*** Source information ***

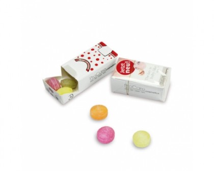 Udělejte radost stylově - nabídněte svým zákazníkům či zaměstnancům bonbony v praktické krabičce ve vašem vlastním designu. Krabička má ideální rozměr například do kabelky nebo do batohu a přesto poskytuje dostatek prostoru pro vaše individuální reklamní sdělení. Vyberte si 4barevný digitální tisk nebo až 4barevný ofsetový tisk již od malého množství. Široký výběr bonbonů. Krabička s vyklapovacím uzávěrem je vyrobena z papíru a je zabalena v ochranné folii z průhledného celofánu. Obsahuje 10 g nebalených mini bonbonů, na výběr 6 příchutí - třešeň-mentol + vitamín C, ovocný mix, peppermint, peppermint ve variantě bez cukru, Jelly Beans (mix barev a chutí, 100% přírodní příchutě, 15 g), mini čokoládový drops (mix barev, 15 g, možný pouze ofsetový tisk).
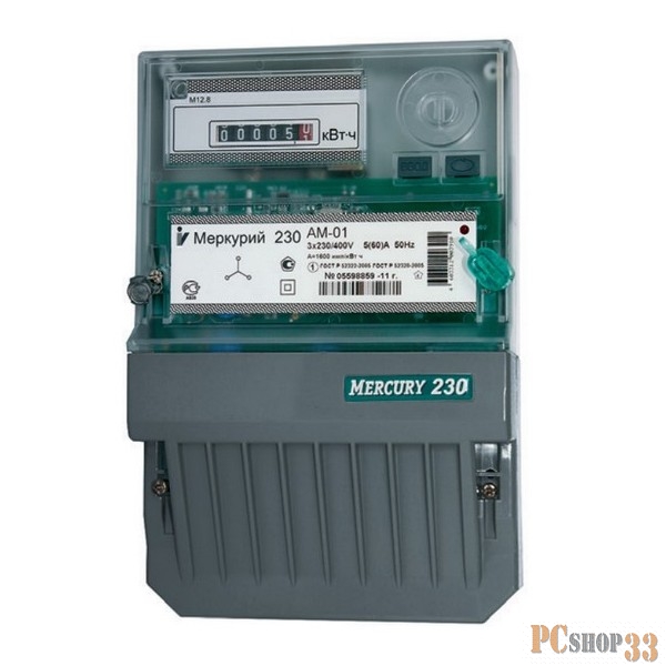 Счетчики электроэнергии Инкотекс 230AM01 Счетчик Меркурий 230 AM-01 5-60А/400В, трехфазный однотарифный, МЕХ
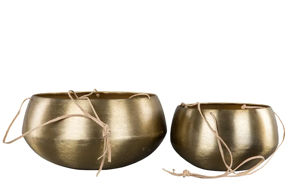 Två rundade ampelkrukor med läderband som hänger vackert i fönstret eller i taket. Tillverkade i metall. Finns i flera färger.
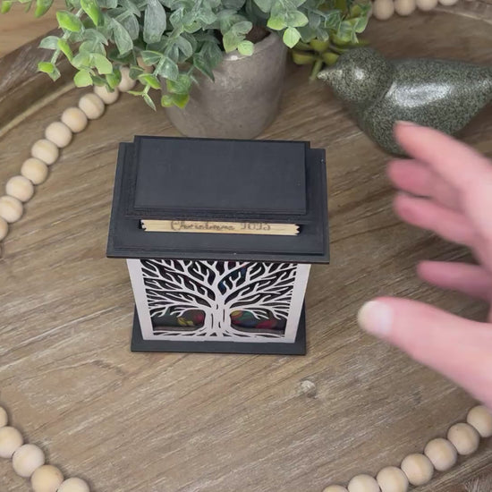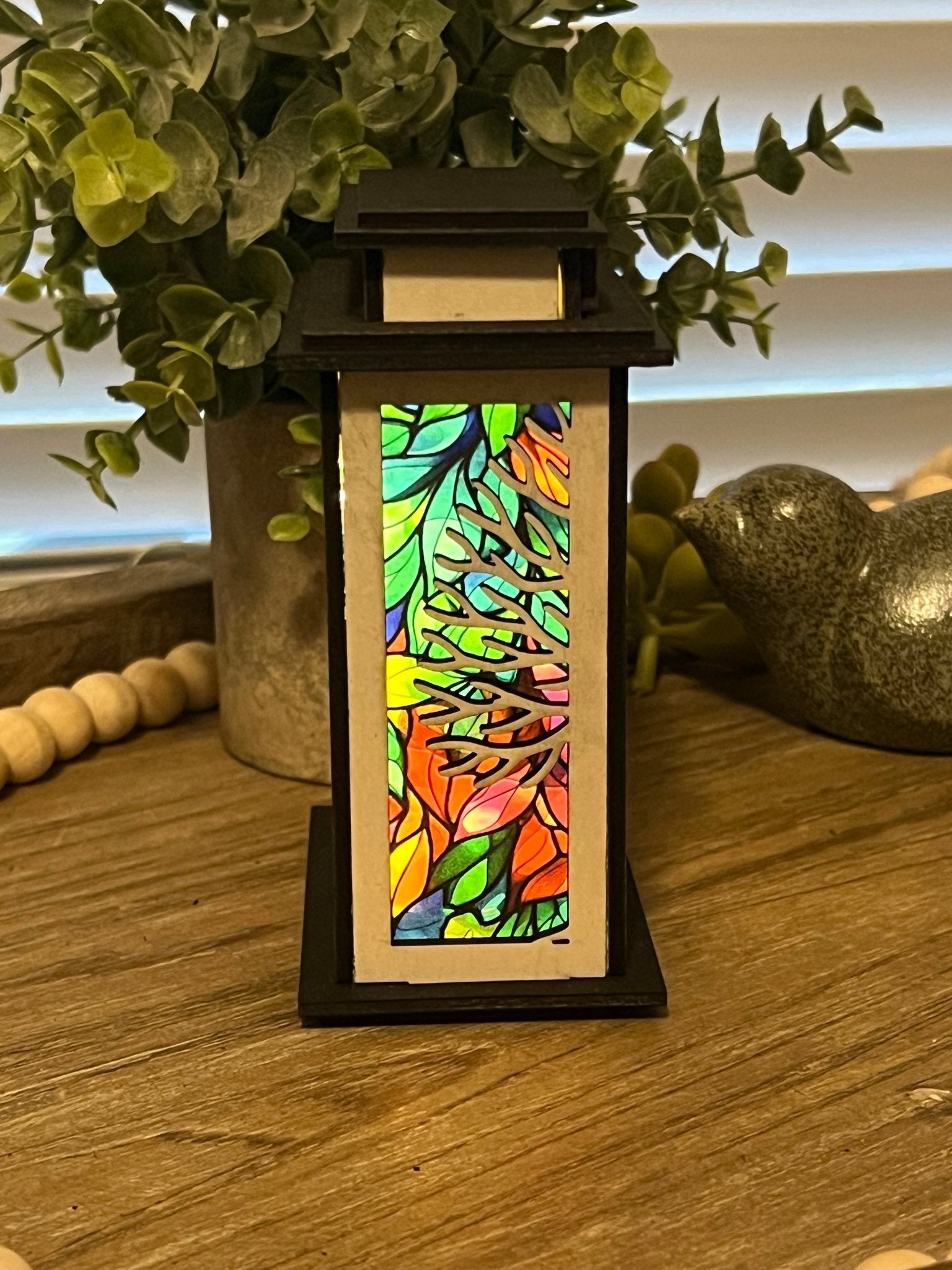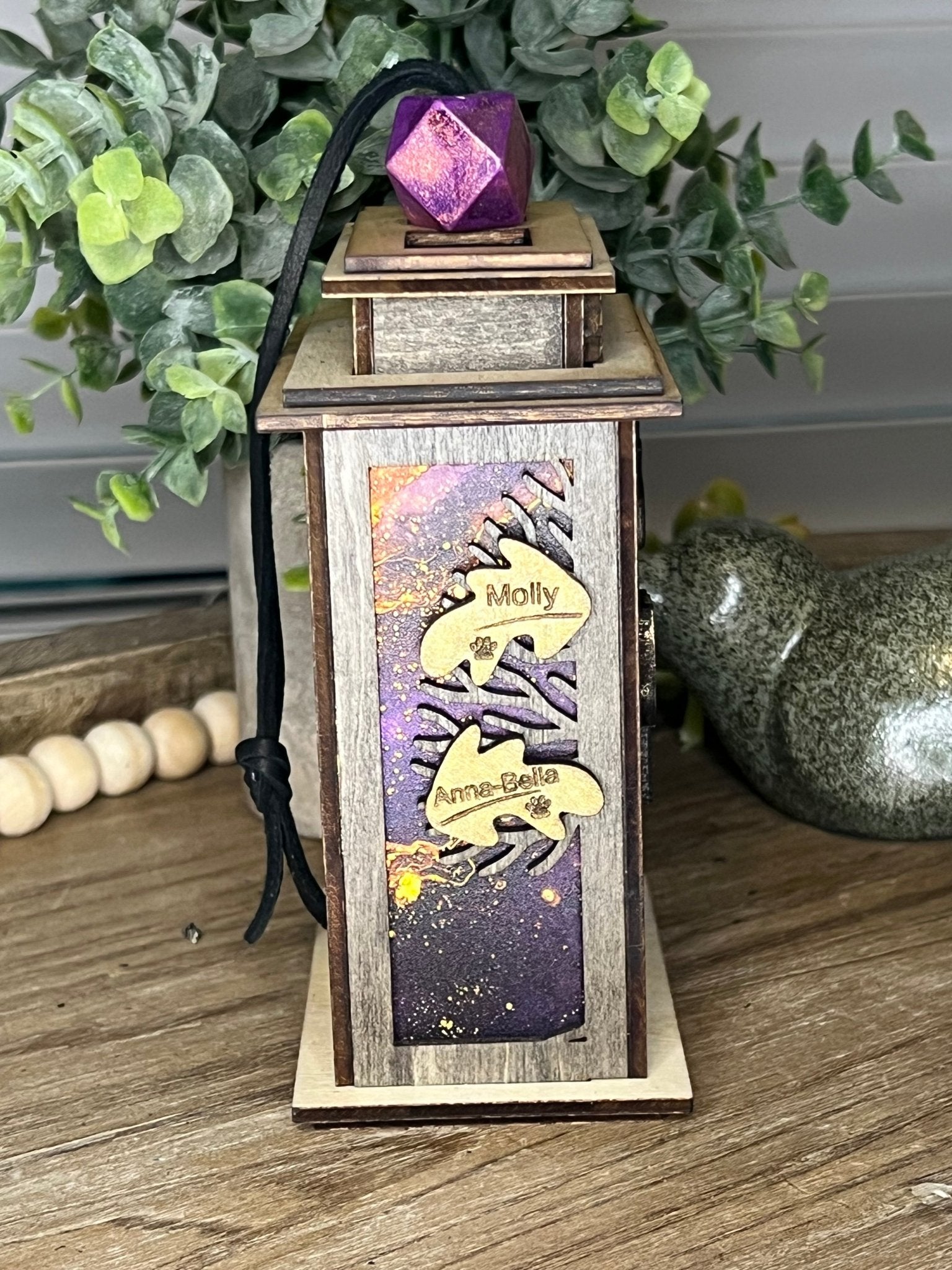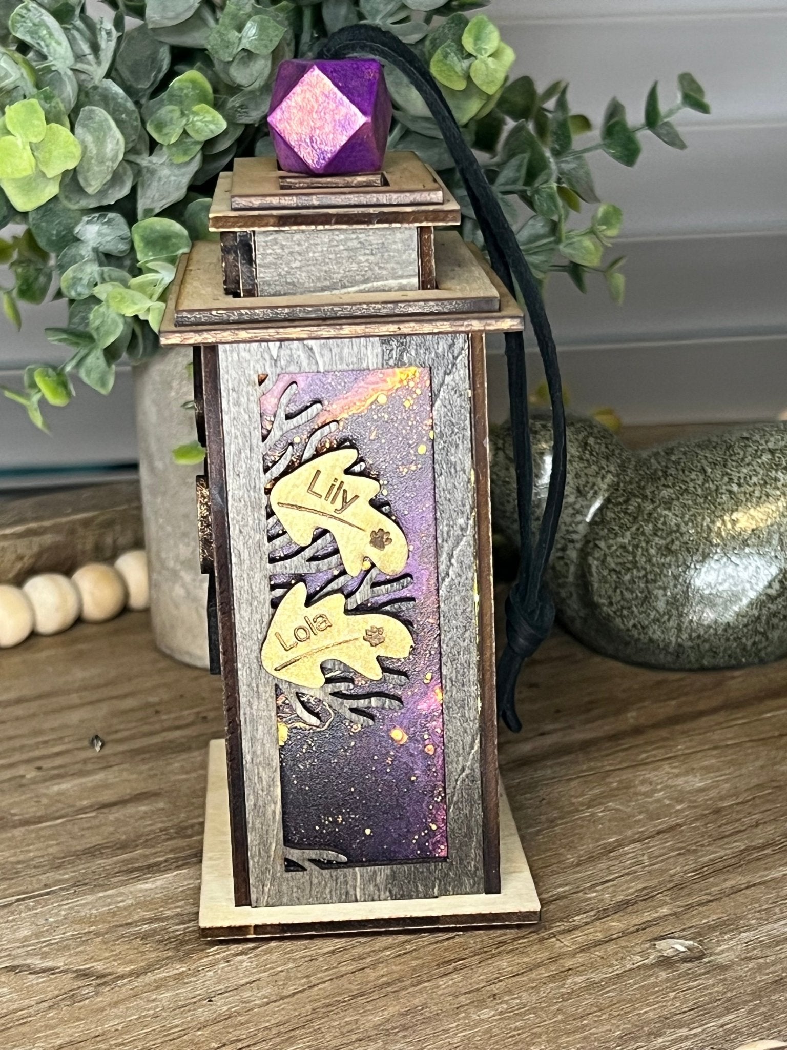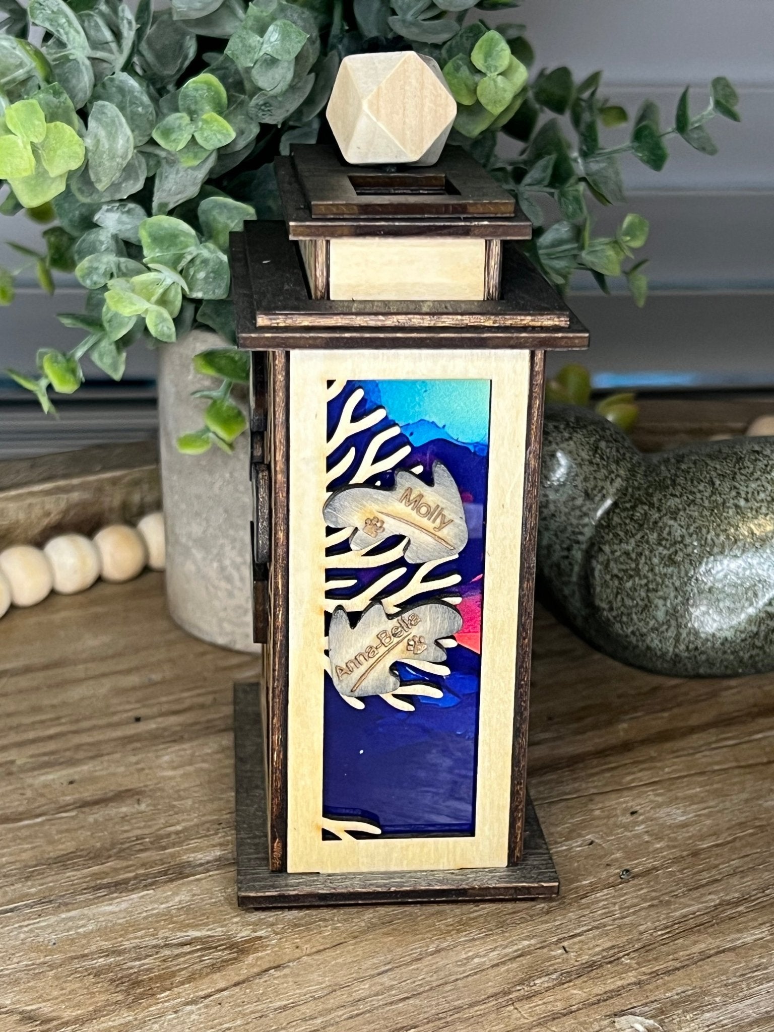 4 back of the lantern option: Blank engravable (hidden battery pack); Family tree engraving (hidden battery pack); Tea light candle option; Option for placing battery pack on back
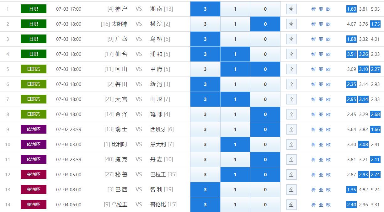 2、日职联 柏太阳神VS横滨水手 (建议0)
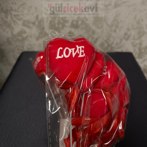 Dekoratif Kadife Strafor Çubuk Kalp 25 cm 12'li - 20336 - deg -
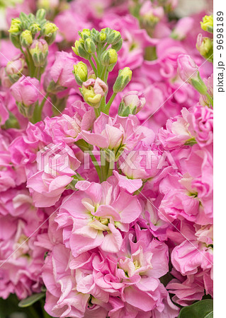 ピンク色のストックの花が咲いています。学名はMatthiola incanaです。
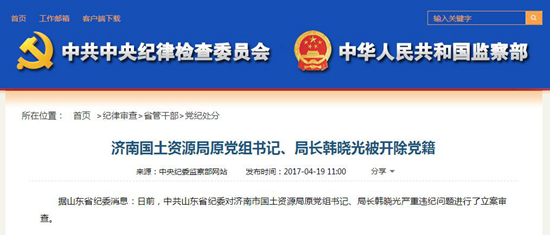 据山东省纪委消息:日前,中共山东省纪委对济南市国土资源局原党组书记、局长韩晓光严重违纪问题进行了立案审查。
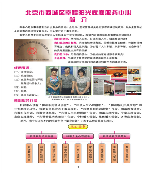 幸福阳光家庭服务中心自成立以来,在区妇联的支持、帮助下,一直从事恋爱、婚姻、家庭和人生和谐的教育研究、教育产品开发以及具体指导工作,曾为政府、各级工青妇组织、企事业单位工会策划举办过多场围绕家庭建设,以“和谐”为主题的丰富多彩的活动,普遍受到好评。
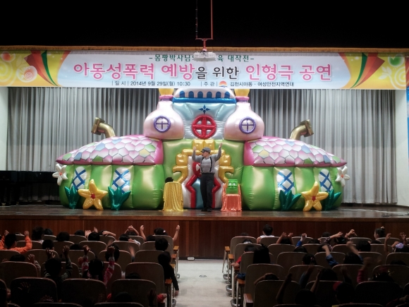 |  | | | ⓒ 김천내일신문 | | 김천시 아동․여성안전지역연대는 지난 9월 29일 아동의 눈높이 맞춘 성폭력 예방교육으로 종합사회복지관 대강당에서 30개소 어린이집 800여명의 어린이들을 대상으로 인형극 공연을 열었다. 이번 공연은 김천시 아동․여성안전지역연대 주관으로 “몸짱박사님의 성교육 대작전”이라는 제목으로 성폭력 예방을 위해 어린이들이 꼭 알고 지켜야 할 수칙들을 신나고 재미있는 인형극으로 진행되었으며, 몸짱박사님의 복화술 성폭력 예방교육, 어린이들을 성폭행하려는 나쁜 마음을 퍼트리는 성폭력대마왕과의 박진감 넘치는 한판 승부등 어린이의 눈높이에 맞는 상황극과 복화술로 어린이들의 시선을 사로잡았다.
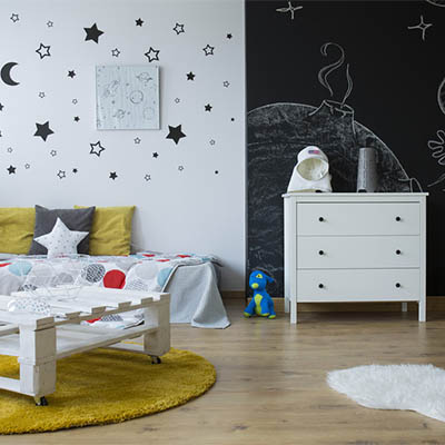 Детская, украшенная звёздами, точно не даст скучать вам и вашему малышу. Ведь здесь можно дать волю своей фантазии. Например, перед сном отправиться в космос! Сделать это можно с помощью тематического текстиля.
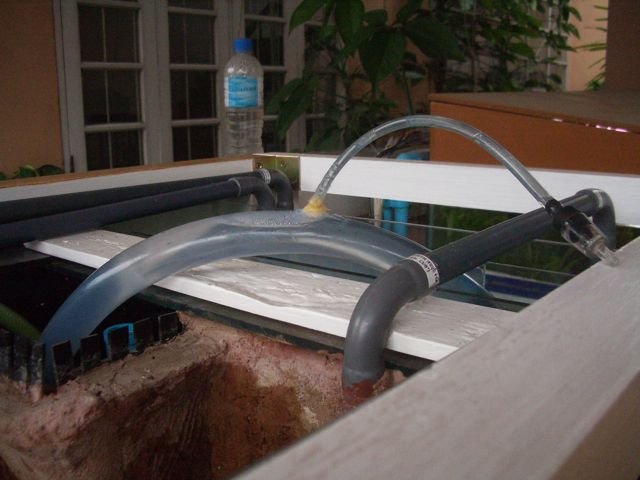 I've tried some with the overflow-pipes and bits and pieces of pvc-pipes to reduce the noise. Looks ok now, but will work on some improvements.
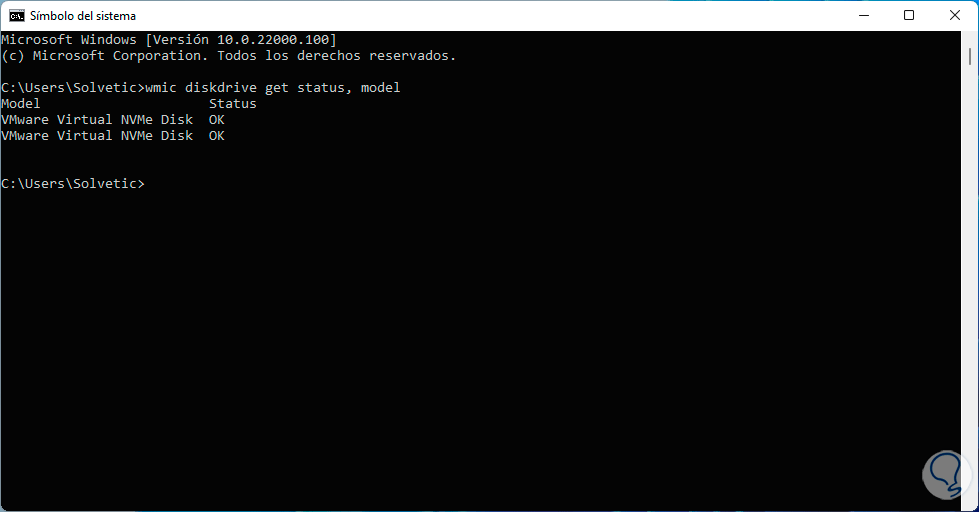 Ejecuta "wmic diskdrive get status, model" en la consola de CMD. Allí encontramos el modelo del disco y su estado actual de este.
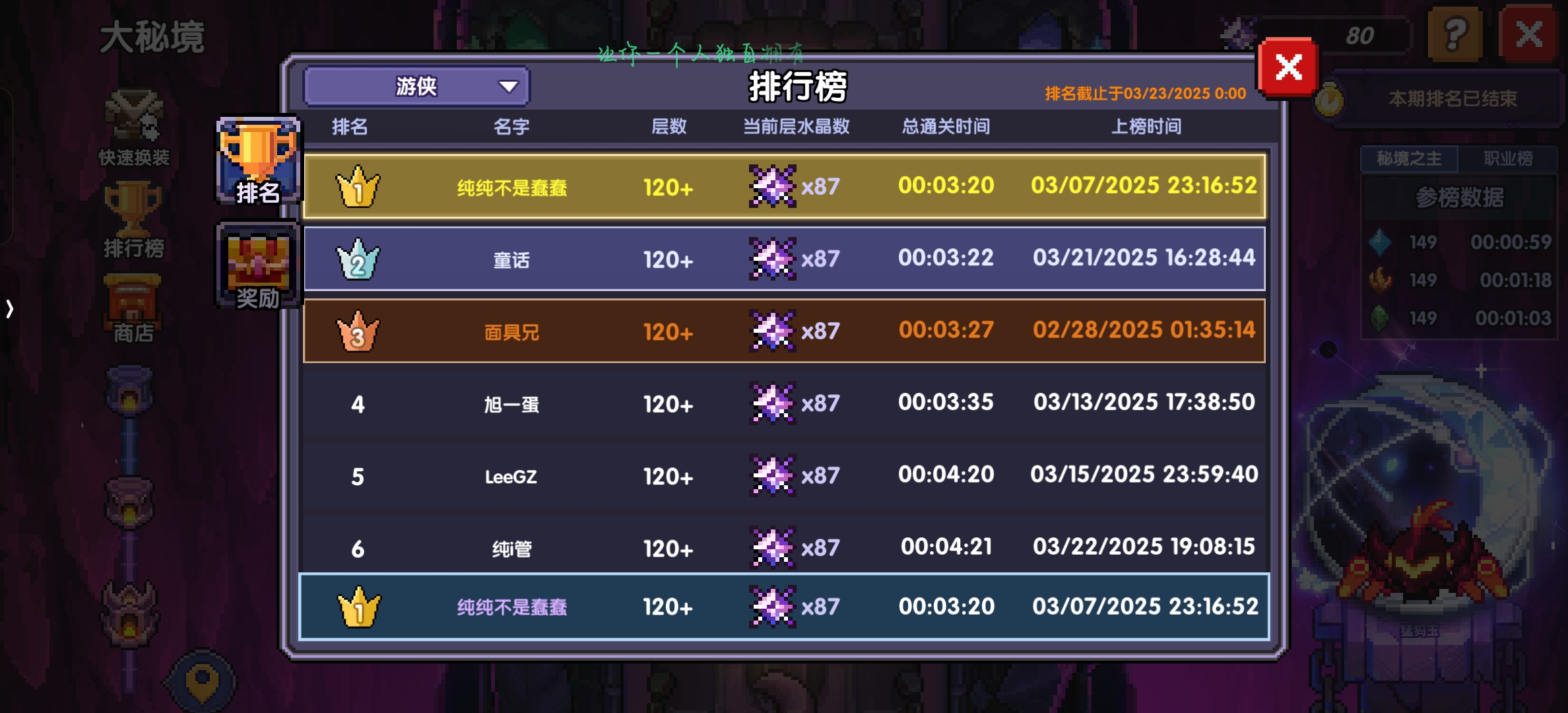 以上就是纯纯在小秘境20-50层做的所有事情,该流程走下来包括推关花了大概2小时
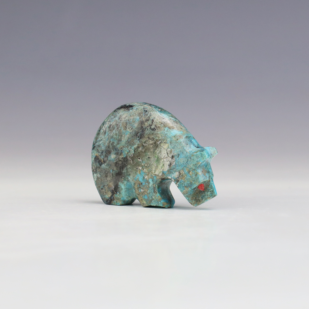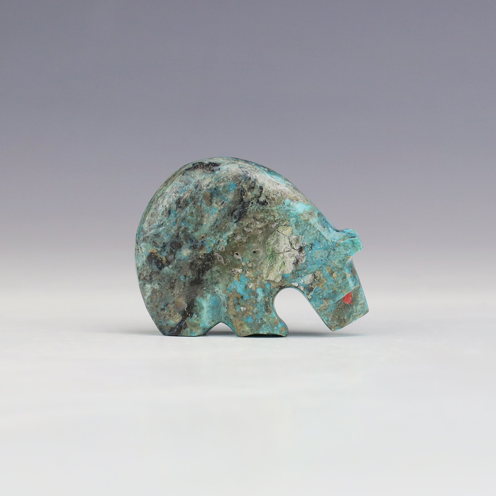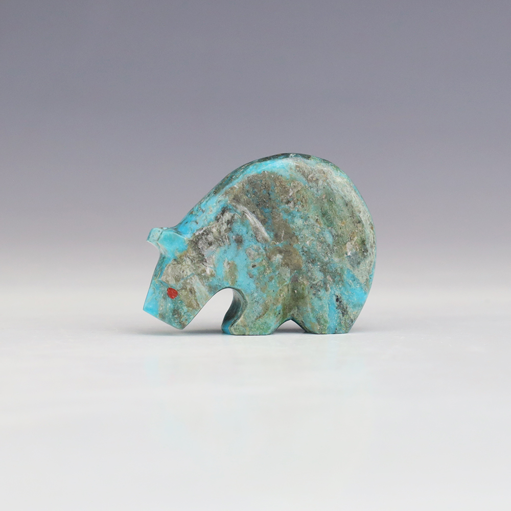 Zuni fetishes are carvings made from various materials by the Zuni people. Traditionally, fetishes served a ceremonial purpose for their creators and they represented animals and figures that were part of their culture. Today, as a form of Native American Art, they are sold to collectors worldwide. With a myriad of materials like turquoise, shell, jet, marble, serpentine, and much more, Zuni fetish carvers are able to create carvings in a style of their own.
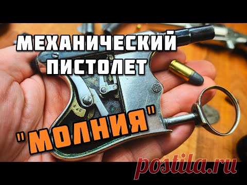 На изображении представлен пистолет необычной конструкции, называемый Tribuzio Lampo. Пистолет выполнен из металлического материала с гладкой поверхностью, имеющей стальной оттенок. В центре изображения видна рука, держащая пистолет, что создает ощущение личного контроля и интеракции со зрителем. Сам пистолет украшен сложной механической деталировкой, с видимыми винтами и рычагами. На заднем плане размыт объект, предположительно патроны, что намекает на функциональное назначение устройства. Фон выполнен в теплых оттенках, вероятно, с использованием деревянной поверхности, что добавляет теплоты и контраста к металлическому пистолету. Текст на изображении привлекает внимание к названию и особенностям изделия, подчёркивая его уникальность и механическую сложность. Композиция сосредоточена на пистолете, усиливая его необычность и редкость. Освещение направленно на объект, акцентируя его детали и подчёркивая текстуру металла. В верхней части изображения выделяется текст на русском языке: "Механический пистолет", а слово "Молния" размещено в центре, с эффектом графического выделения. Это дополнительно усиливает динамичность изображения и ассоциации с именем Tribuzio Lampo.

*** End of Source information ***

**Assigned task**
If a picture sits between the line containing "Dekoratif Kadife Strafor" and the line containing "Детская, украшенная звёздами, точно", leave it out, and return the lines of that range above exactly, both ends included.

**Response below**
 Dekoratif Kadife Strafor Çubuk Kalp 25 cm 12'li - 20336 - deg -
 ピンク色のストックの花が咲いています。学名はMatthiola incanaです。
 据山东省纪委消息:日前,中共山东省纪委对济南市国土资源局原党组书记、局长韩晓光严重违纪问题进行了立案审查。
 幸福阳光家庭服务中心自成立以来,在区妇联的支持、帮助下,一直从事恋爱、婚姻、家庭和人生和谐的教育研究、教育产品开发以及具体指导工作,曾为政府、各级工青妇组织、企事业单位工会策划举办过多场围绕家庭建设,以“和谐”为主题的丰富多彩的活动,普遍受到好评。
 |  | | | ⓒ 김천내일신문 | | 김천시 아동․여성안전지역연대는 지난 9월 29일 아동의 눈높이 맞춘 성폭력 예방교육으로 종합사회복지관 대강당에서 30개소 어린이집 800여명의 어린이들을 대상으로 인형극 공연을 열었다. 이번 공연은 김천시 아동․여성안전지역연대 주관으로 “몸짱박사님의 성교육 대작전”이라는 제목으로 성폭력 예방을 위해 어린이들이 꼭 알고 지켜야 할 수칙들을 신나고 재미있는 인형극으로 진행되었으며, 몸짱박사님의 복화술 성폭력 예방교육, 어린이들을 성폭행하려는 나쁜 마음을 퍼트리는 성폭력대마왕과의 박진감 넘치는 한판 승부등 어린이의 눈높이에 맞는 상황극과 복화술로 어린이들의 시선을 사로잡았다.
 Детская, украшенная звёздами, точно не даст скучать вам и вашему малышу. Ведь здесь можно дать волю своей фантазии. Например, перед сном отправиться в космос! Сделать это можно с помощью тематического текстиля.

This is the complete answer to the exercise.